Artificial Intelligence for breast cancer treatment
Breast cancer is, along with skin cancer, the most common type of cancer among women. Its rapid detection and diagnosis are crucial to combat its mortality.
To improve the healthcare of patients and to develop products and services to facilitate the management of the resources and knowledge of Breast Cancer Units. These Units are made up of a multidisciplinary team of professionals from different areas who meet on a weekly basis to decide about each case.
The Proposed Solution
The main aim of this project is to develop an ecosystem of software which facilitates diagnosis and decision-making and serves as a support for clinical decisions. This aim is broken down as:
To improve multidisciplinary coordination and management of information in breast cancer cases
To exploit new sources of information
To exploit the valuable information from routine examination images
To develop tools for the diagnosis of possible aesthetic results after breast conservation surgery
To provide support for decision-making regarding the diversity of available therapeutic options
A system which has a digital patient model, in which data relevant for decision-making are incorporated in a structured manner. In addition, image analysis tools are used to characterise the breast and tumour tissue from an anatomical and functional point of view. Later, the collected set of data is processed and presented by the system according to the pre-established clinical evidence and criteria, giving the doctors an integral vision of the possible treatments and lines of action for each patient, in a personalised manner.

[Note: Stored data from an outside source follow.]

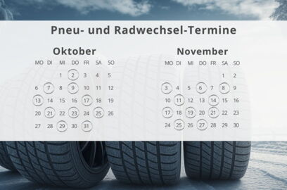 Wir freuen uns, dir die folgenden Pneuwechseltage anzubieten! Der Pneu- oder Radwechsel dauert nur 30 Minuten – genug Zeit, um entspannt einen Kaffee oder ein Wasser zu geniessen, während du auf dein Fahrzeug wartest. Ergänze deinen Termin mit unserem Wintercheck und starte rundum sorglos in die kalte Jahreszeit! Nutze unser Kontaktformular und sichere dir deinen Wunschtermin. Wir freuen uns auf dich!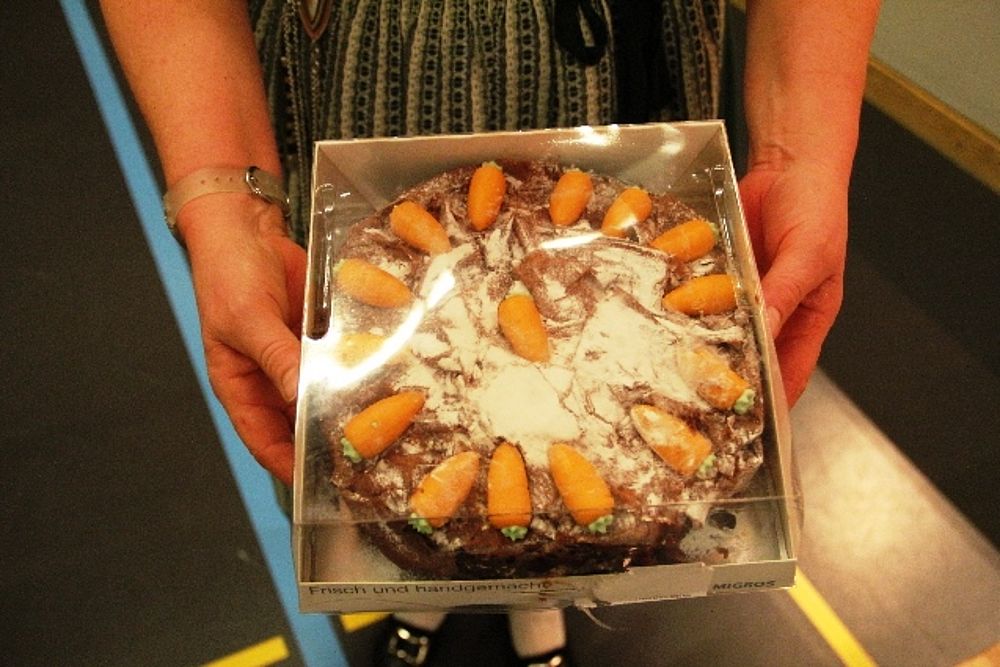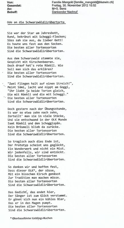 • Und auch die obligate Torte für die OLK darf nicht fehlen. Da sowohl Schwarzwälder Torte wie Rüebli Torte Favoriten sind, überreicht ihnen Sämi eine Schwarzwälder-Rüebli-Torte. Im Nachgang bedankt sich die OLK mit einer "Ode an die Schwarzwäldlirübertorte"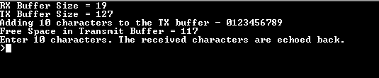 - The message asks the user to enter 10 charactersNote: For this example, the “Free Space in Transmit Buffer = xx”, where xx can be anything between 117 to 127, depending on the USART baud rate and the CPU execution speed.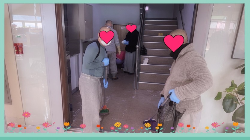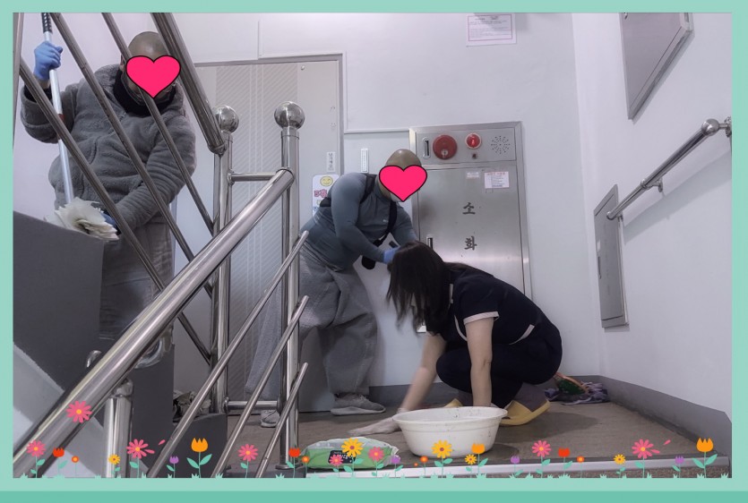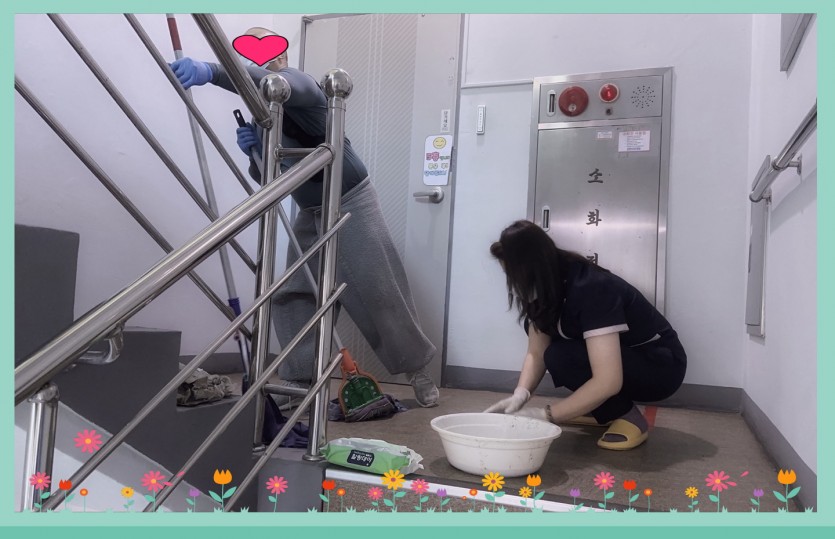 수행 과제라 하셔서 함께 계단 청소를 하시자 권유를 드렸습니다.
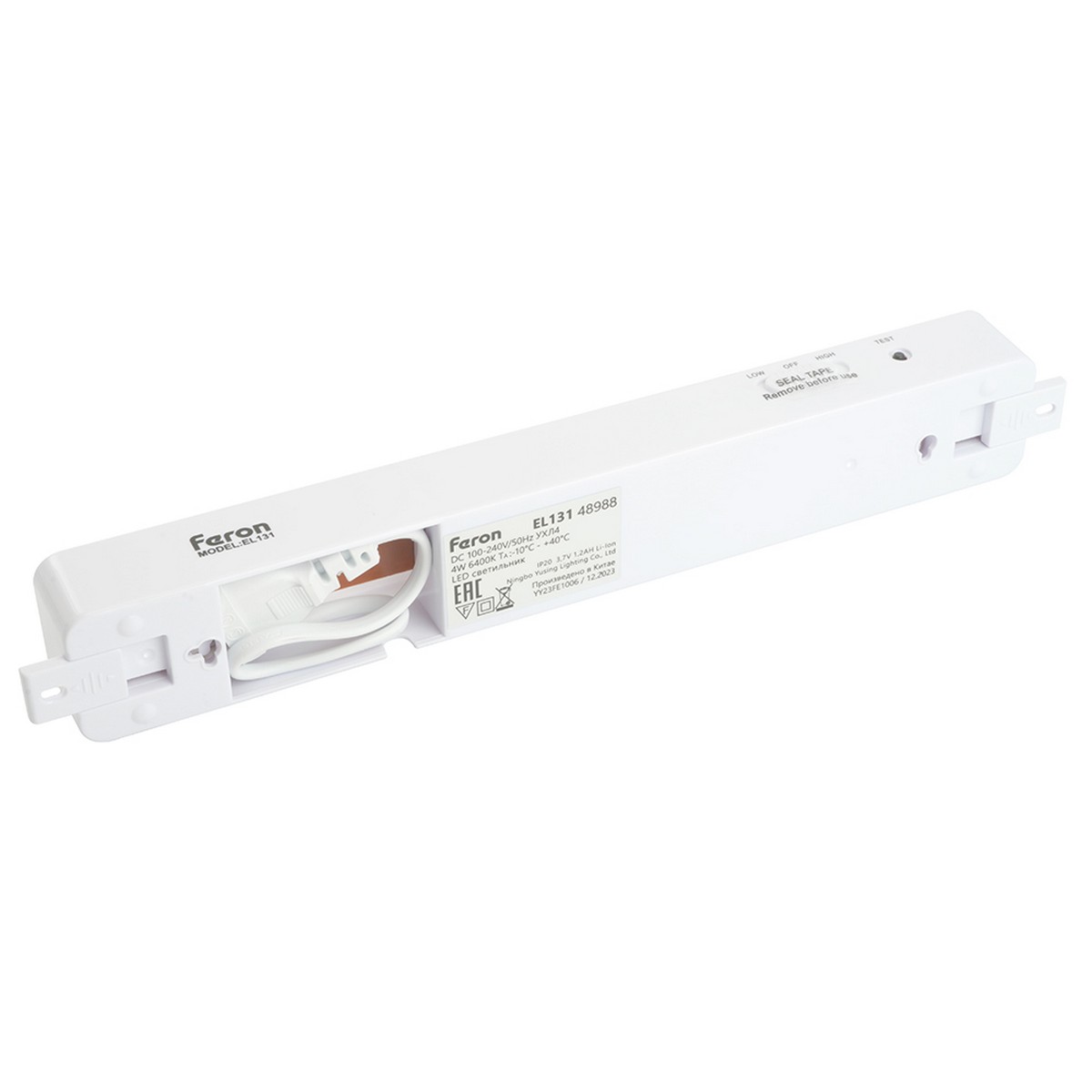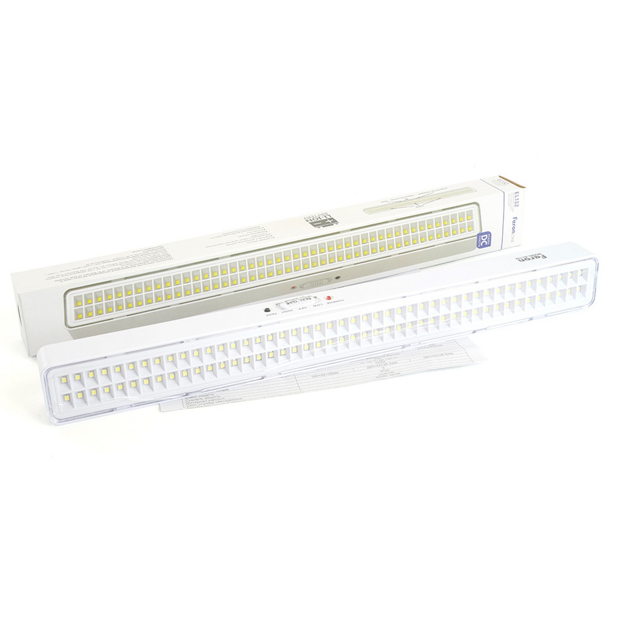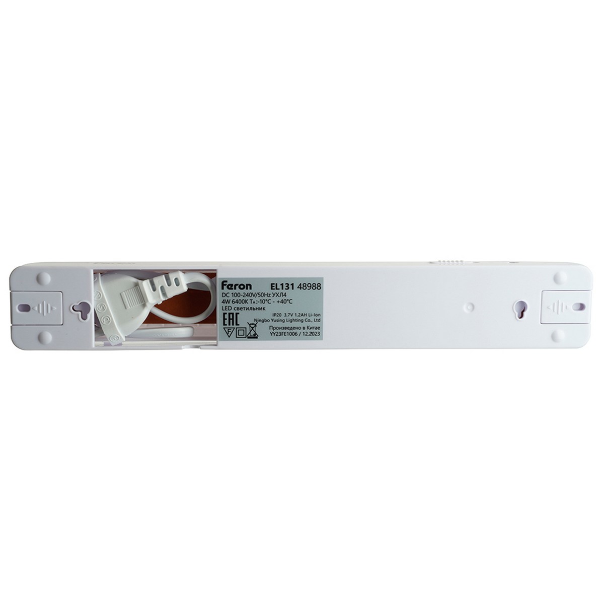 Светильник аккумуляторный FERON EL131 DC, 60LED/дневной, 100-240V, IP20, аккумулятор 3,7/1200mAh/Li-Ion (литий-ионный), количество режимов 2, время зарядки 24 часа, время работы 2/4часов, цвет белый, 280*43*28.2мм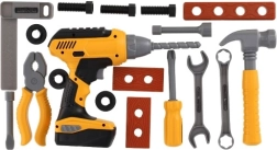 Vključuje vrtalnik, kladivo, izvijač, klešče, ključ in vijake. Idealno za razvoj motoričnih sposobnosti in ustvarjalnega razmišljanja.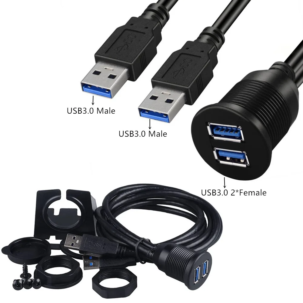 Comprar Cable de montaje empotrado en panel USB, soporte USB de extensión USB dual 3,0, montaje en tablero, montaje empotrado, cable de montaje en panel 1m 2m

The project consortium, led by Vicomtech, includes the participation of Onkologikoa, Bilbomática, Eresa and Sistemas Genómicos, in Spain, Arivis AG, in Germany, Assistance Publique - Hopitaux de Paris and INSERM - LIMICS in France, Medical Innovation and Technology in Greece, Ulster University in the United Kingdom and Houston Methodist Research Institute in the United States.
The Desiree project has been financed by the Horizon 2020 programme of the European Union (agreement number 690238).